__RECORDS SHOWN__.
==================================================
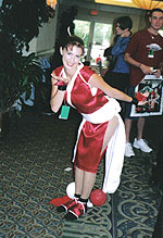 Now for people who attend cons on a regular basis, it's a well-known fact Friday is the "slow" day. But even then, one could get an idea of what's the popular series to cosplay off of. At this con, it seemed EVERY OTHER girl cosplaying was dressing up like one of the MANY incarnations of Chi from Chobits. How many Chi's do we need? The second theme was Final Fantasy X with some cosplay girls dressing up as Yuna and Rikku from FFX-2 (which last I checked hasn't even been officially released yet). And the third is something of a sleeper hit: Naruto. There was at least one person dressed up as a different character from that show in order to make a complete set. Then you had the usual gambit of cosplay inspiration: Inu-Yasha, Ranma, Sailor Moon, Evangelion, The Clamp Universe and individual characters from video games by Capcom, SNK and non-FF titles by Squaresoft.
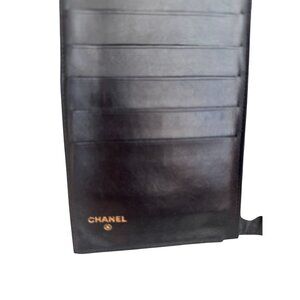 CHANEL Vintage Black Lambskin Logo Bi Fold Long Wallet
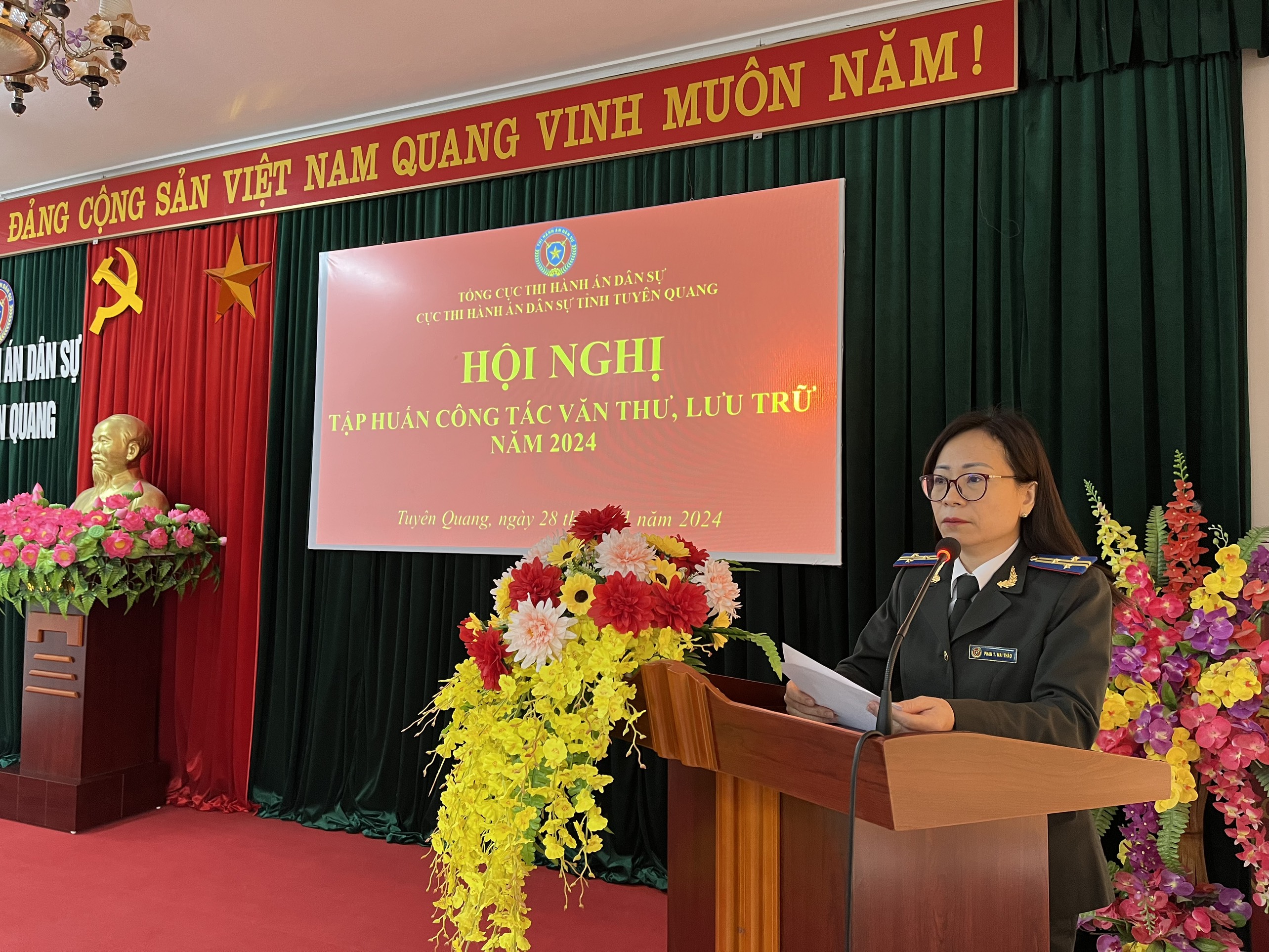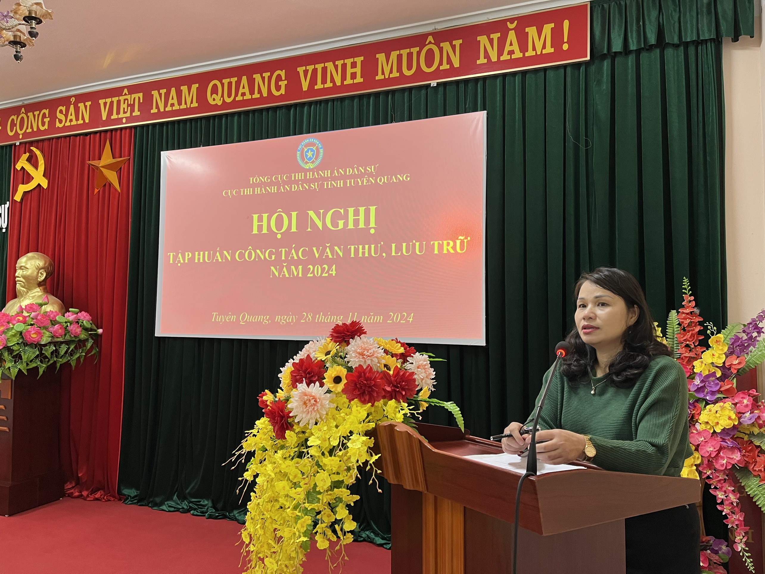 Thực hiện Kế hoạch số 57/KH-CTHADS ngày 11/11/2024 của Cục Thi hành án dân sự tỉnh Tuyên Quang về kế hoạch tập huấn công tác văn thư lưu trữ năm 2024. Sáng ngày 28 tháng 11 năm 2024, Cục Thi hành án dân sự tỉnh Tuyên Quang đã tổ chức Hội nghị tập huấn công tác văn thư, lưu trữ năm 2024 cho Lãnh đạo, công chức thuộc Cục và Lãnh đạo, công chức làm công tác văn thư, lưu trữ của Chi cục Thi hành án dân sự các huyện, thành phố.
==================================================
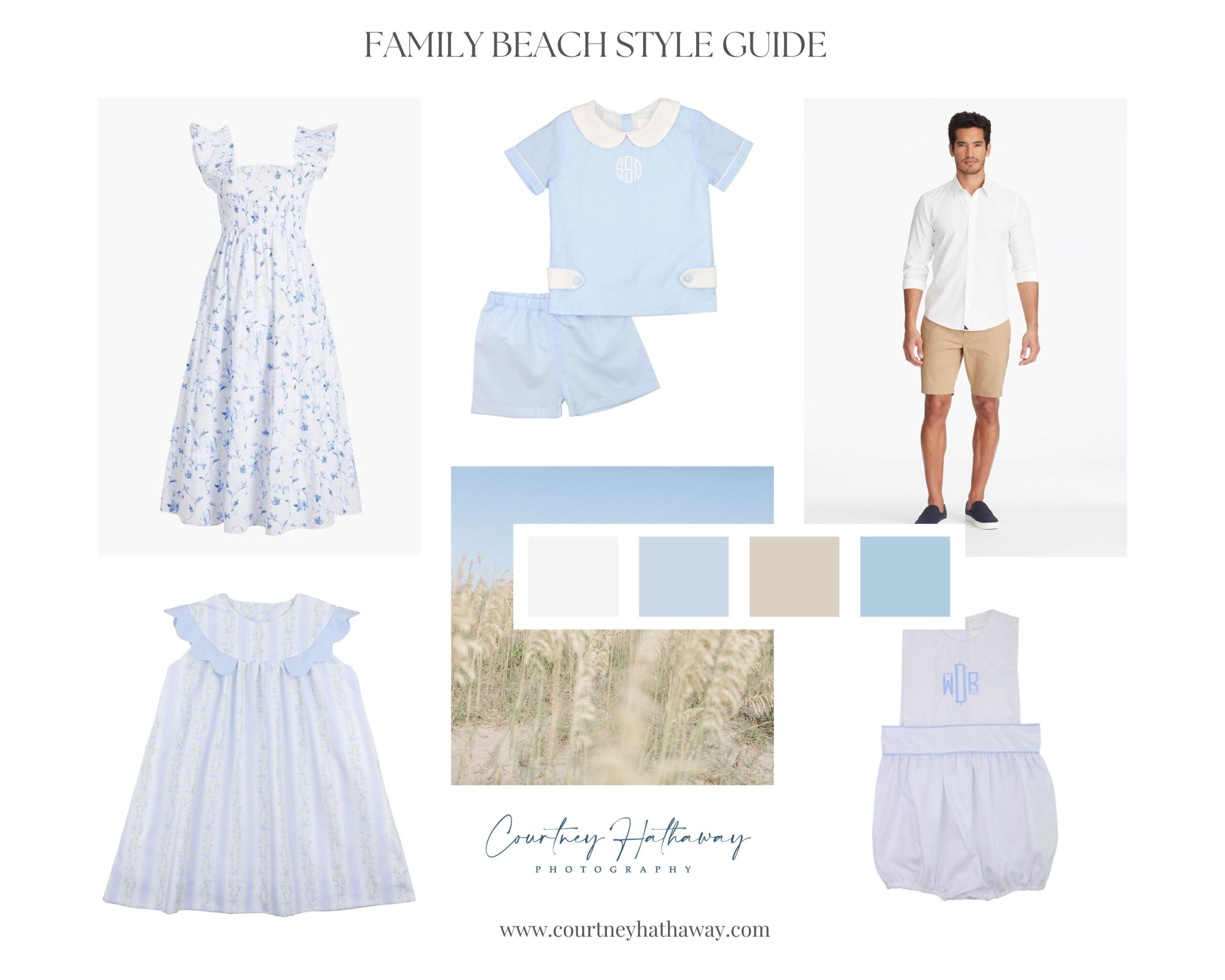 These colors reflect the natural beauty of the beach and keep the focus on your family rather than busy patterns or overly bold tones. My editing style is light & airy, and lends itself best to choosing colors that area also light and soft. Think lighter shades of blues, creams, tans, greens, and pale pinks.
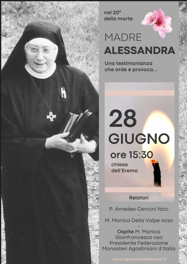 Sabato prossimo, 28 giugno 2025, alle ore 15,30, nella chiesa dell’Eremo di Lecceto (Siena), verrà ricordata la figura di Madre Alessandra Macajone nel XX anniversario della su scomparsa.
==================================================
__EXERCISE DETAILS__.
Starting with the line above that holds "These colors reflect", restate each line word for word up to and including the line that holds "Sabato prossimo, 28". Drop the pictures.

__FINISHED TASK__.
 These colors reflect the natural beauty of the beach and keep the focus on your family rather than busy patterns or overly bold tones. My editing style is light & airy, and lends itself best to choosing colors that area also light and soft. Think lighter shades of blues, creams, tans, greens, and pale pinks.
 Sabato prossimo, 28 giugno 2025, alle ore 15,30, nella chiesa dell’Eremo di Lecceto (Siena), verrà ricordata la figura di Madre Alessandra Macajone nel XX anniversario della su scomparsa.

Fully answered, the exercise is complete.